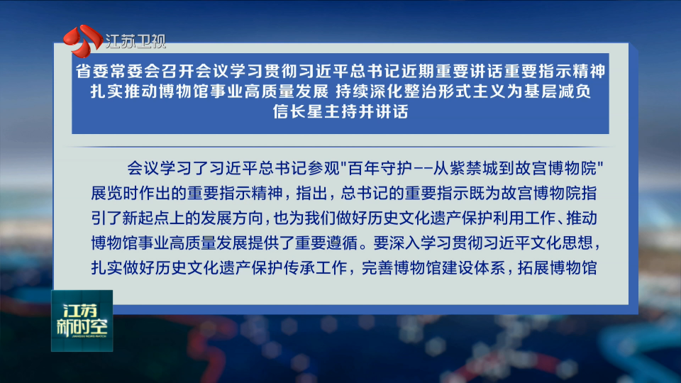 会议学习了习近平总书记参观“百年守护——从紫禁城到故宫博物院”展览时作出的重要指示精神,指出,总书记的重要指示既为故宫博物院指引了新起点上的发展方向,也为我们保护好、传承好历史文化遗产、推动博物馆事业高质量发展提供了重要遵循。要深入践行习近平文化思想,扎实做好历史文化遗产保护传承工作,完善博物馆建设体系,拓展博物馆教育功能,努力把我省博物馆打造成为弘扬中华优秀传统文化的重要阵地。
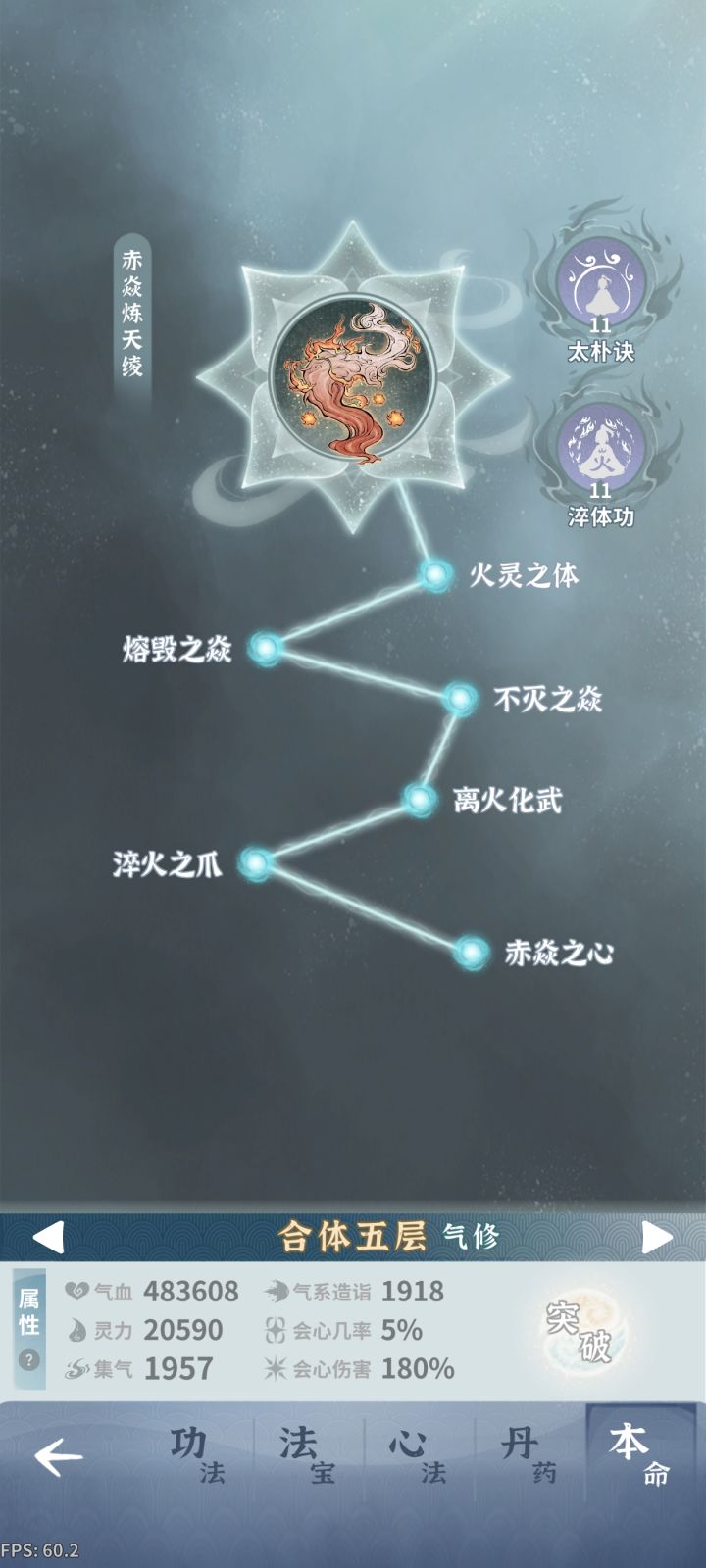 器纹是浴火涅槃环,金缕宝衣,浑天星芒履,阴阳宝鉴,冥渊灵阵佩,飞行器纹每个火系功法增加灵力。词条是抗性和血量为主。纯肉流要怎么改?
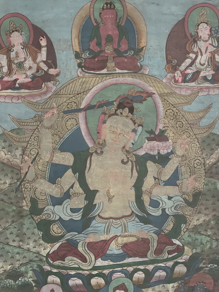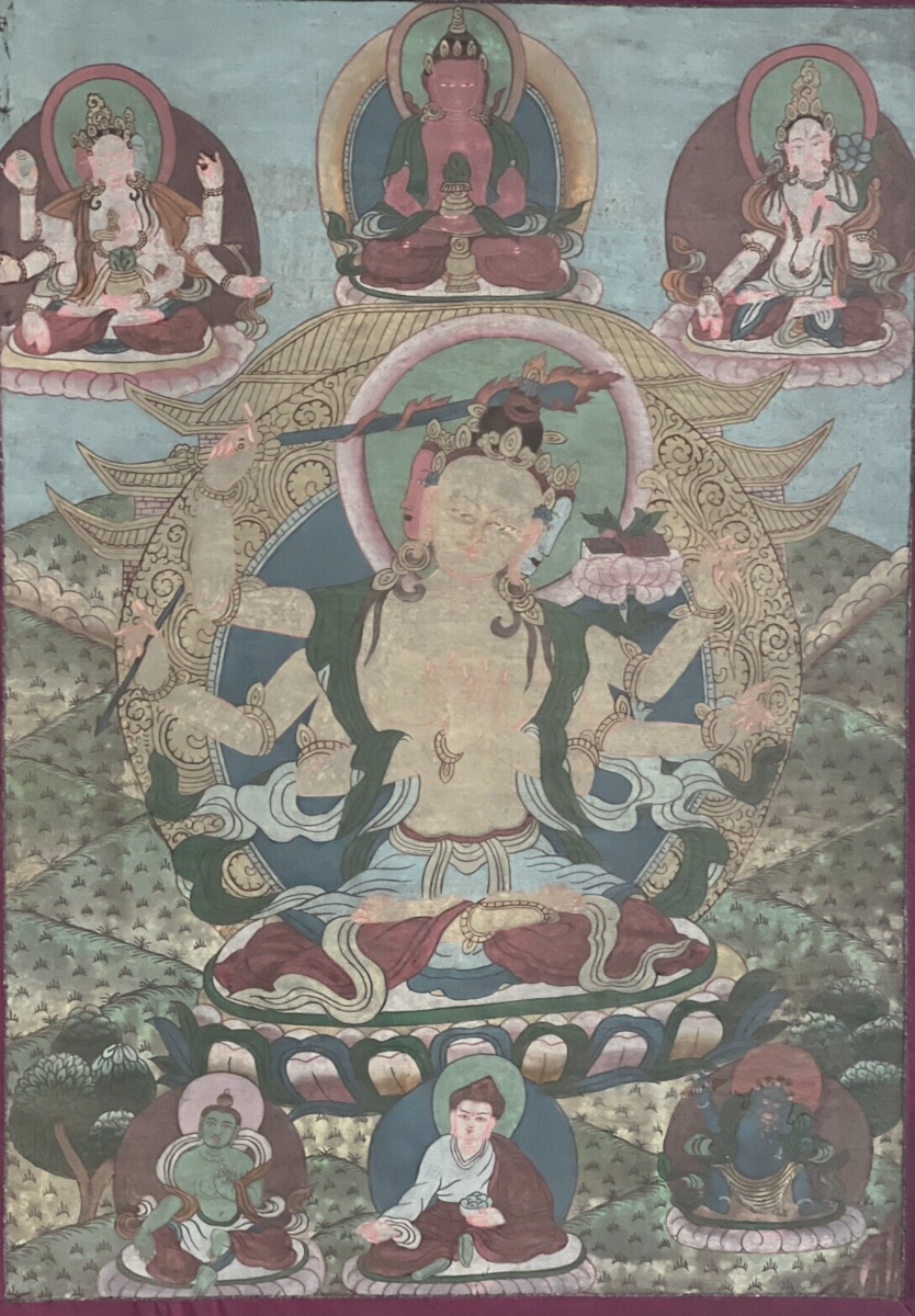 - VINTAGE PANCHA- FIVE MANJUSHRI/ MANJUSHREE ORIGINAL TIBETAN THANGKA PAINTING

The task
Without including any picture, set down the listing above exactly as it appears.

Problem solution
 会议学习了习近平总书记参观“百年守护——从紫禁城到故宫博物院”展览时作出的重要指示精神,指出,总书记的重要指示既为故宫博物院指引了新起点上的发展方向,也为我们保护好、传承好历史文化遗产、推动博物馆事业高质量发展提供了重要遵循。要深入践行习近平文化思想,扎实做好历史文化遗产保护传承工作,完善博物馆建设体系,拓展博物馆教育功能,努力把我省博物馆打造成为弘扬中华优秀传统文化的重要阵地。
 器纹是浴火涅槃环,金缕宝衣,浑天星芒履,阴阳宝鉴,冥渊灵阵佩,飞行器纹每个火系功法增加灵力。词条是抗性和血量为主。纯肉流要怎么改?
 - VINTAGE PANCHA- FIVE MANJUSHRI/ MANJUSHREE ORIGINAL TIBETAN THANGKA PAINTING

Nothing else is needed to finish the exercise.